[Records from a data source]
----
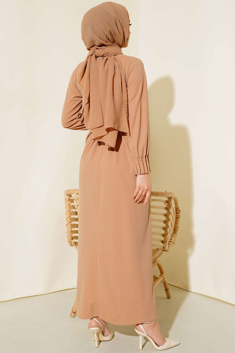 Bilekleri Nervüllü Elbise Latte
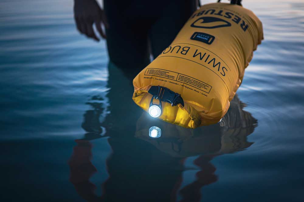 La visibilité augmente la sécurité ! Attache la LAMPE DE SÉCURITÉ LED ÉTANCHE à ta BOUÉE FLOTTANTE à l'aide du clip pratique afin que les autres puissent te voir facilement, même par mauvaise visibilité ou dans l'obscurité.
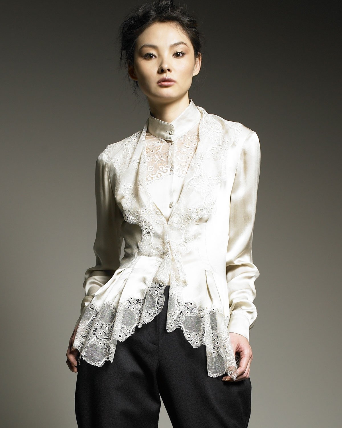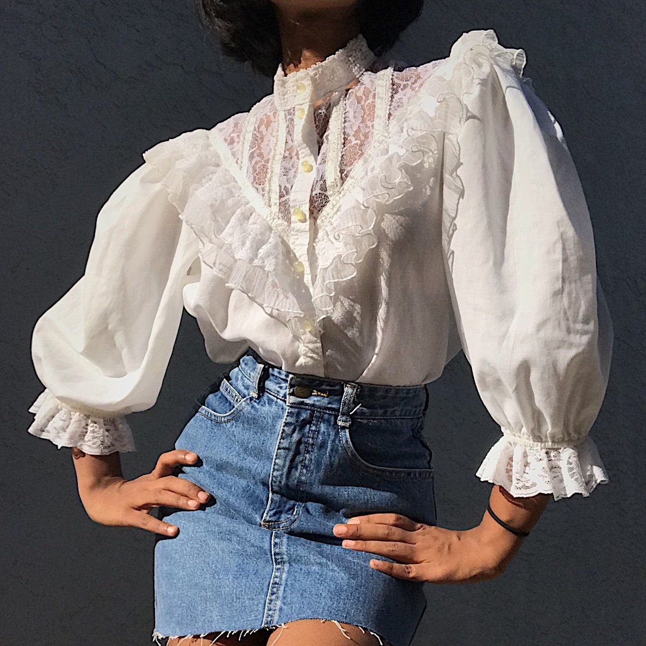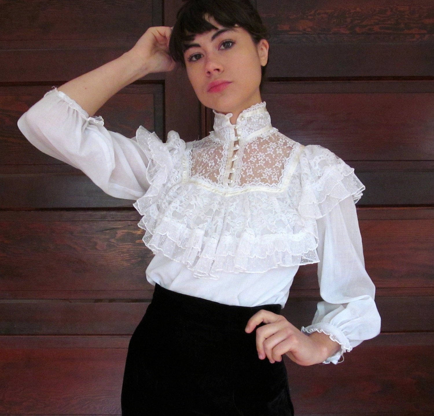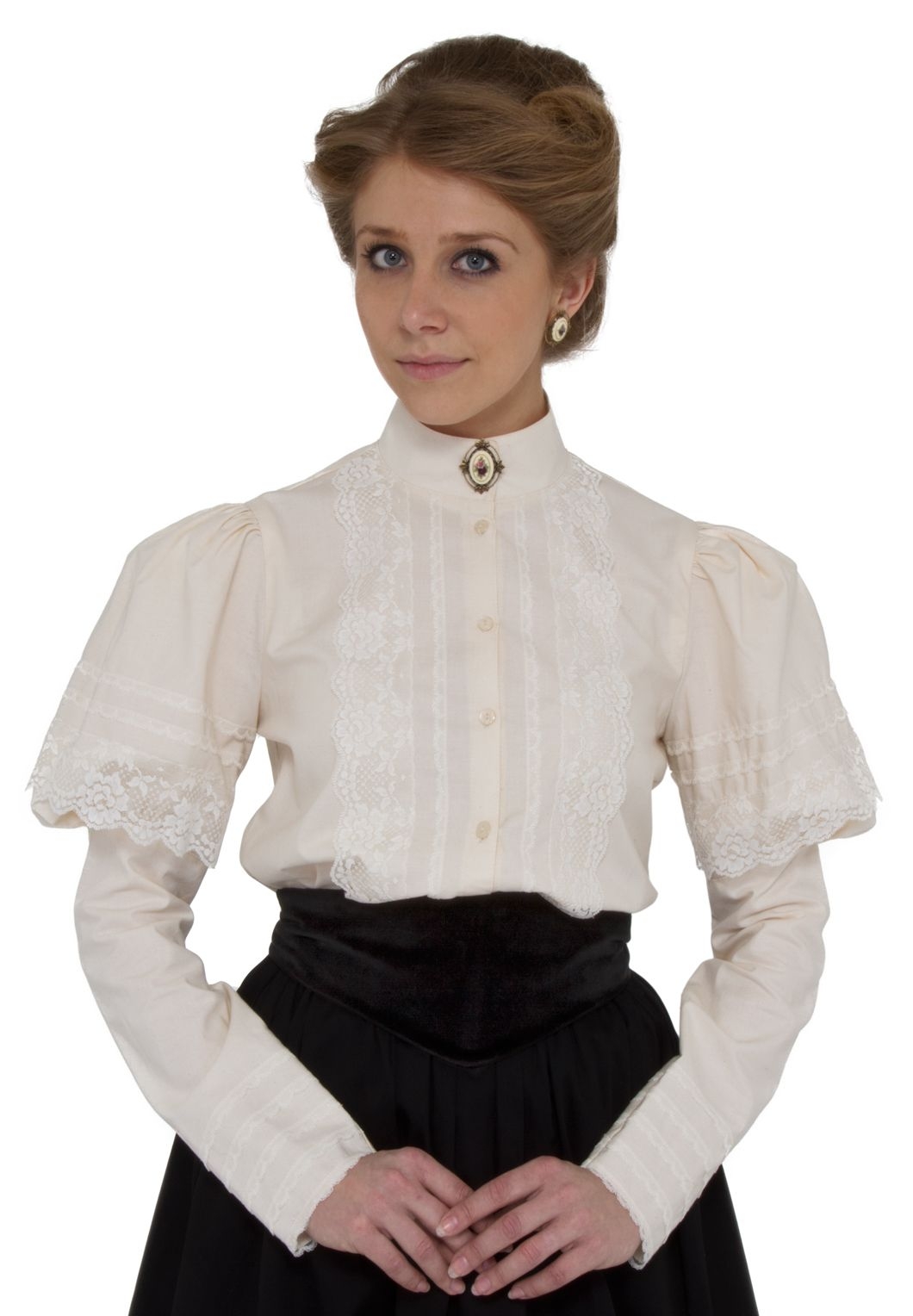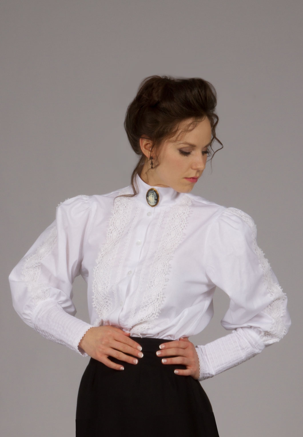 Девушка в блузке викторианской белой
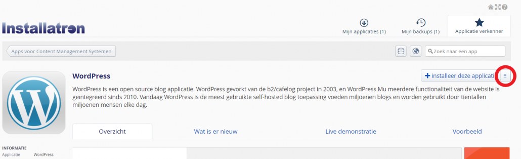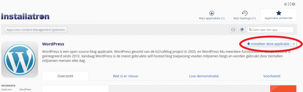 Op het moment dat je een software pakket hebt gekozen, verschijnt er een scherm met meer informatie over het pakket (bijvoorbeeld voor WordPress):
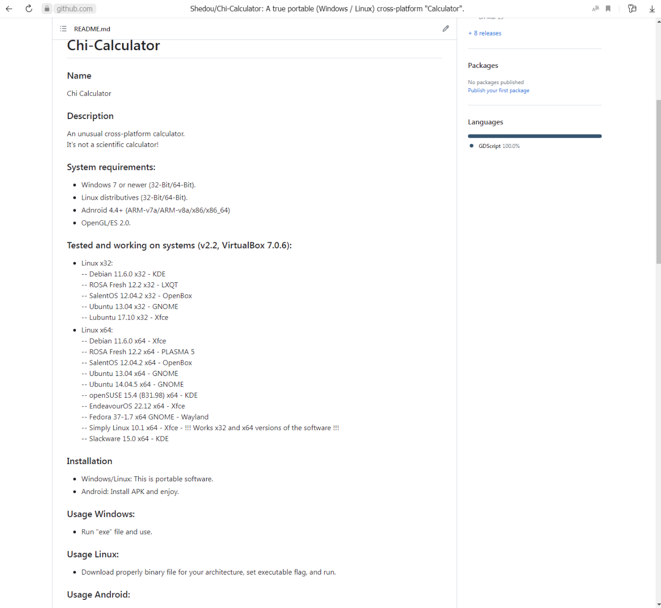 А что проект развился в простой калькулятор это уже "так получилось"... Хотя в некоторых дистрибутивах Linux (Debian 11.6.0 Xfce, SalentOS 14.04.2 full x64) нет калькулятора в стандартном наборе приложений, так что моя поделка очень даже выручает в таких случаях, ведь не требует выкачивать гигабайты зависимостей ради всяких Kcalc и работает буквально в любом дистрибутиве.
----
Your objective:
The pictures alone are to be left out when the data above is copied; all else must match exactly.

Solution to the exercise:
 Bilekleri Nervüllü Elbise Latte
 La visibilité augmente la sécurité ! Attache la LAMPE DE SÉCURITÉ LED ÉTANCHE à ta BOUÉE FLOTTANTE à l'aide du clip pratique afin que les autres puissent te voir facilement, même par mauvaise visibilité ou dans l'obscurité.
 Девушка в блузке викторианской белой
 Op het moment dat je een software pakket hebt gekozen, verschijnt er een scherm met meer informatie over het pakket (bijvoorbeeld voor WordPress):
 А что проект развился в простой калькулятор это уже "так получилось"... Хотя в некоторых дистрибутивах Linux (Debian 11.6.0 Xfce, SalentOS 14.04.2 full x64) нет калькулятора в стандартном наборе приложений, так что моя поделка очень даже выручает в таких случаях, ведь не требует выкачивать гигабайты зависимостей ради всяких Kcalc и работает буквально в любом дистрибутиве.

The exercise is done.